6 points, SCA Band 2, 0.125 EFTSL

FacultyFaculty of Engineering
OfferedClayton First semester 2010 (Day)
Clayton Second semester 2010 (Day)
Sunway Second semester 2010 (Day)
Coordinator(s)J Carberry/L Yeo (Clayton); K T Boon Thong (M'sia)


This unit develops the students' physical understanding of the bases of fluid flow and translates that into the ability to formulate and solve problems. It covers the topics of basic concepts and fluid properties, hydrostatics, control volume analysis, the Bernoulli equation, pipe flow and pumps, non-Newtonian flow, dimensional analysis, boundary layers, fluid forces in flow - lift and drag, and vehicle aerodynamics.


To be able to formulate and analyse hydraulics problems in fluids and to be able to calculate the forces on bodies in a quiescent fluid, including the effects of buoyancy. To be able to calculate forces on bodies in fluids undergoing rigid body motion.Use control volumes to predict fluid behaviour with particular regard to the principles of continuity, momentum and energy, and the Bernoulli equation. Use dimensional analysis and modelling to plan experiments, to present results meaningfully and to predict prototype performance. Calculate lift and drag forces for bodies subjected to fluid motion. Compute flow rates and pressure drops in pipe networks under steady state conditions. Understand the typical operation and applications of Pumps, Fans, Compressors and Turbines, their capabilities and limitations, and operating parameters that significantly affect performance. To be able to select the appropriate pump or fan for a particular pipe network and flow. To classify non-Newtonian Fluids, use constitutive equations for these fluids to predict pressure drops in different flows Calculate the lift and drag on vehicles of different geometries travelling at a variety of speeds and to determine the consequent effect on fuel consumption. Carry out simple experiments relating to fluid properties and flow behaviour. To be able to solve problems by defining the problem using the discipline theory taught and applying mathematical and other methods taught throughout the curriculum.

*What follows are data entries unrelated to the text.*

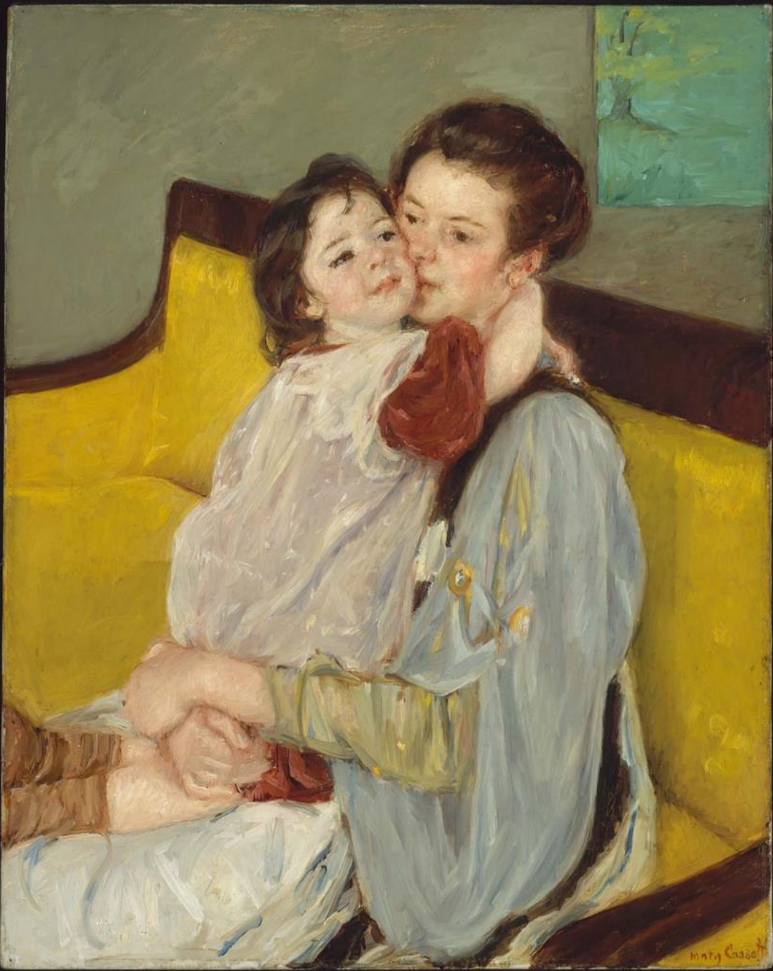
Mary Stevenson Cassatt, 1844–1926 Cares Maternelle , c. 1902, Oil on canvas, 92 x 73 cm, Museum of Fine Arts, Boston, USA
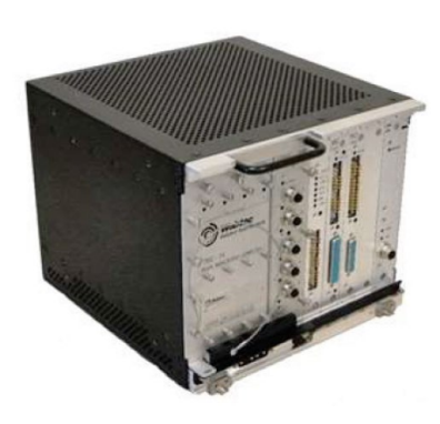
Train Management Computer

Potential to drive additional efficiencies to increase capacity, optimize service and reduce fuel use and emissions.
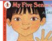
My Five Senses

Tests, tutorials and laboratory assignments: 30%
Examination (3 hours): 70%
Students are required to achieve at least 45% in the total continuous assessment component (assignments, tests, mid-semester exams, laboratory reports) and at least 45% in the final examination component. Students faiing to achieve this requirement will be given a maximum of 44% in the unit.

Chief examiner(s)

Professor Mark Thompson

Contact hours

3 Lecture hours, 3 hours of laboratory/problem solving classes and 6 hours of private study per week.